A signed original of this written statement required by Section 302, or other document authenticating, acknowledging, or otherwise adopting the signature that appears in typed form within the electronic version of this written statement required by Section 302, has been provided to Remark Media, Inc. and will be retained by Remark Media, Inc. and furnished to the Securities and Exchange Commission or its staff upon request. 

 


Exhibit 32.1  

 

Certification pursuant to Title 18 of the United States Code Section 1350,  

as adopted pursuant to Section 906 of Sarbanes-Oxley Act of 2002  

 

CERTIFICATION PURSUANT TO  

RULE 13a-14(b) UNDER THE SECURITIES EXCHANGE ACT OF 1934  

AND 18 U.S.C. SECTION 1350,  

AS ADOPTED PURSUANT TO  

 

SECTION 906 OF THE SARBANES-OXLEY ACT OF 2002  

 

In connection with this   Quarterly Report on Form 10- Q   of Remark Media, Inc. (the “Company”) for the quarter ended March 31, 2013 , as filed with the Securities and Exchange Commission on the date hereof (the “Report”), I, Shing Tao, Chief Executive Officer of the Company, certify, to the best of my knowledge, pursuant to Rule 13a-14(b) under the Securities Exchange Act of 1934 and 18 U.S.C. Section 1350, as adopted pursuant to Section 906 of the Sarbanes-Oxley Act of 2002, that:  

 

 

(1)

The Report fully complies with the requirements of Section 13(a) or 15(d) of the Securities Exchange Act of 1934; and

 

(2)

The information contained in the Report fairly presents, in all material respects, the financial condition and results of operations of the Company.

 

 

 

 

 

 

 

 

 

 

 

 

 

 

 

May 15 , 2013

 

 

 

 

 

By:

/s/ Shing Tao

 

 

 

 

 

 

Shing Tao

 

 

 

 

Chief Executive Officer (Principal Executive Officer, Principal Financial Officer and Principal Accounting Officer)

 

 

 

The foregoing certification is being furnished solely pursuant to 18 U.S.C. Section 1350 and is not being filed as part of the Report or as a separate disclosure document.
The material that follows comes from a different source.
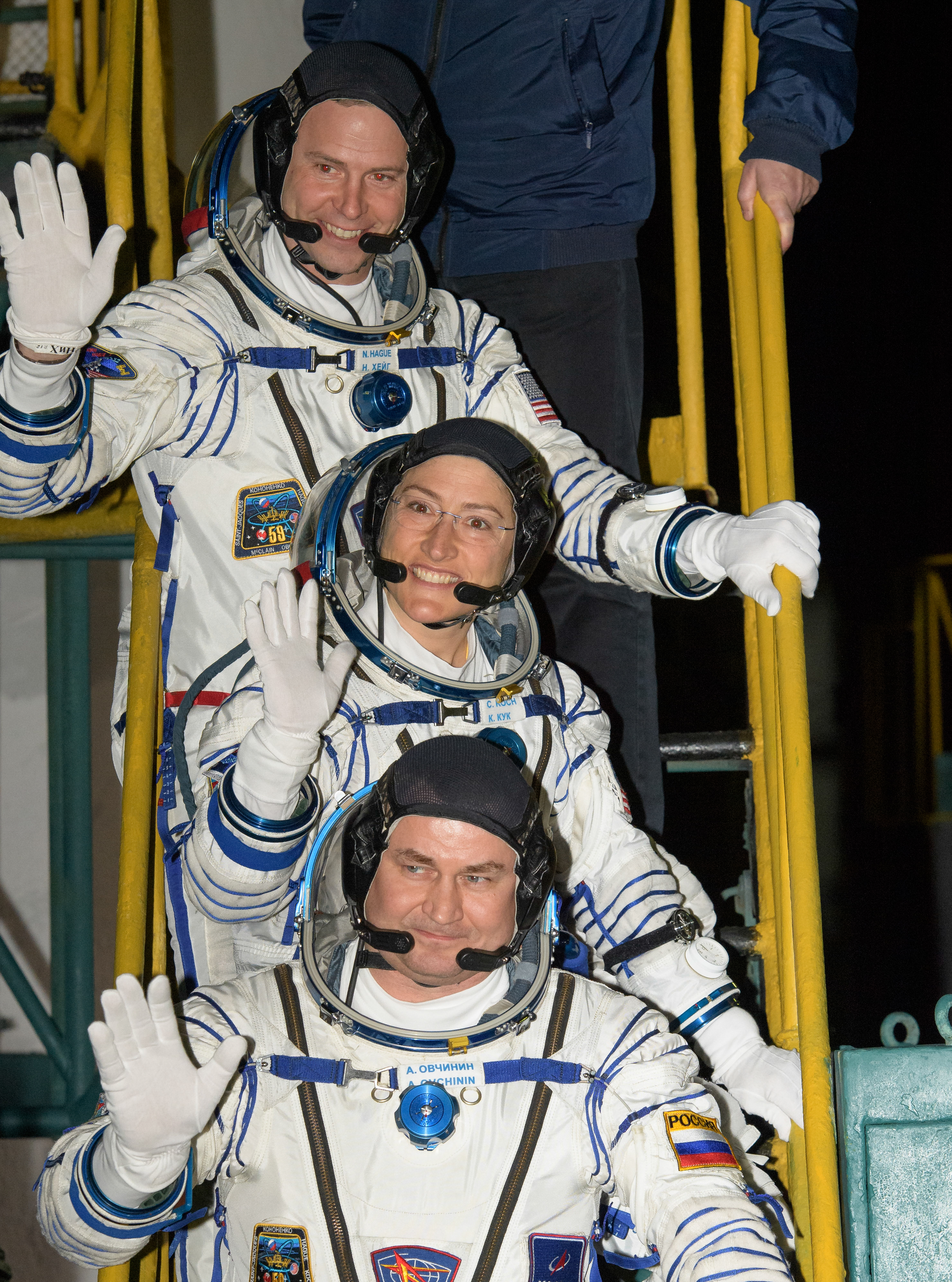 Expedition 59 crewmembers Nick Hague of NASA, top, Christina Koch of NASA, center, and Alexey Ovchinin of Roscosmos wave farewell prior to boarding the Soyuz MS-12 spacecraft for launch, Thursday, March 14, 2019 at the Baikonur Cosmodrome in Kazakhstan. Hague, Koch, and Ovchinin will spend six-and-a-half months living and working aboard the International Space Station.
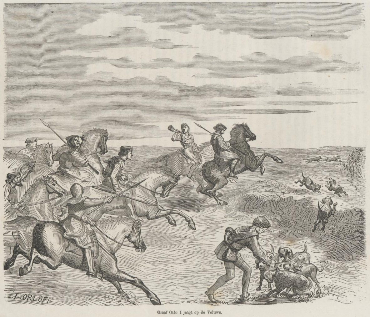 History picture, Count Otto I hunting on the Veluwe

This certification shall not be deemed “filed” for purposes of Section 18 of the Securities Exchange Act of 1934 (“Exchange Act”) or otherwise subject to liability under that section. This certification shall not be deemed to be incorporated by reference into any filing under the Securities Act of 1933 or the Exchange Act except to the extent this Exhibit 32 is expressly and specifically incorporated by reference in any such filing.  

 

A signed original of this written statement required by Section 906, or other document authenticating, acknowledging, or otherwise adopting the signature that appears in typed form within the electronic version of this written statement required by Section 906, has been provided to Remark Media, Inc. and will be retained by Remark Media, Inc. and furnished to the Securities and Exchange Commission or its staff upon request.